Youtube Transcript
Pricing
$2.50 / 1,000 results
Youtube Transcript
Under maintenanceHarvest rich YouTube metadata and English transcripts at scale with this Apify actor—perfect for SEO, content repurposing, and AI workflows. Built-in proxy support, resilient caption extraction, and multi-format outputs keep your video intelligence accurate and ready for publishing.
0.0 (0)
Pricing
$2.50 / 1,000 results
0
1
1
Last modified
8 days ago
YouTube Transcript Downloader & Caption Scraper (Apify Actor)

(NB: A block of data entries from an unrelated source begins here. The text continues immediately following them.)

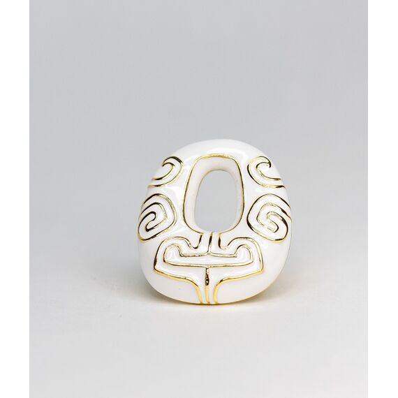 Кольцо из гипоаллергенного ювелирного сплава желтого цвета. Покрытие эмалью, цвет белый. Без вставок. Высота кольца-4,5см, ширина-3,5см. Размер-17,0.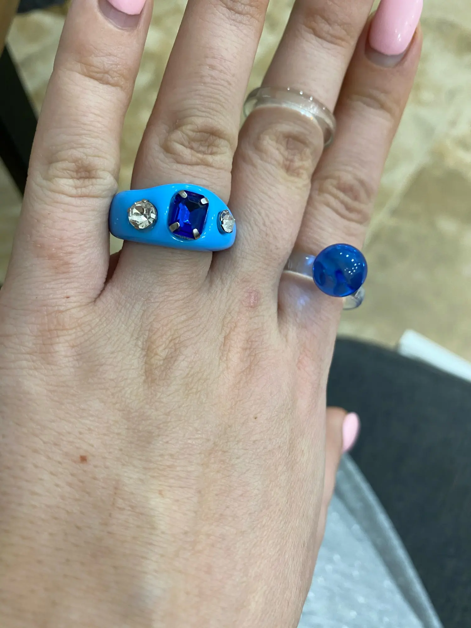 Они прибыли через 1 месяц. Качество приличное. Некоторые бриллианты немного кривые и с клеем. Они слишком большие для меня, но у меня очень тонкие пальцы.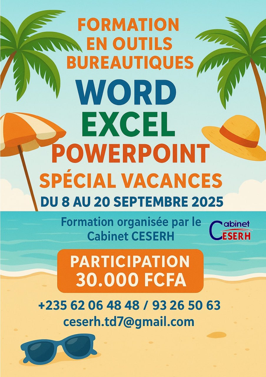 C’est dans ce cadre que le Cabinet CESERH organise une formation pratique et intensive en bureautique, spécialement dédiée à la période des vacances, afin de permettre aux participants de renforcer leurs capacités et d’améliorer leur employabilité.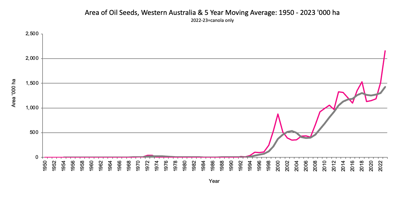 From almost nil area in the early 1990s the area of oil seeds in Western Australia reached around one million hectares.
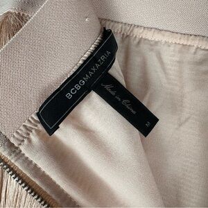 BCBGMAXAZRIA MODIE CROCHET FRINGE MINI SKIRT BARE PINK Size Medium

Boost your SEO content strategy with clean YouTube transcripts, metadata, and captions in every popular format. This production-ready Apify actor extracts subtitles (manual or auto-generated), gathers rich video details, and saves everything to an Apify dataset that is easy to reuse in blogs, knowledge bases, or downstream NLP workflows.
- ✅ Works for both long-form videos and Shorts
- ✅ Supports Apify Proxy groups (BUYPROXIES94952,StaticUS3, Residential, or custom URLs)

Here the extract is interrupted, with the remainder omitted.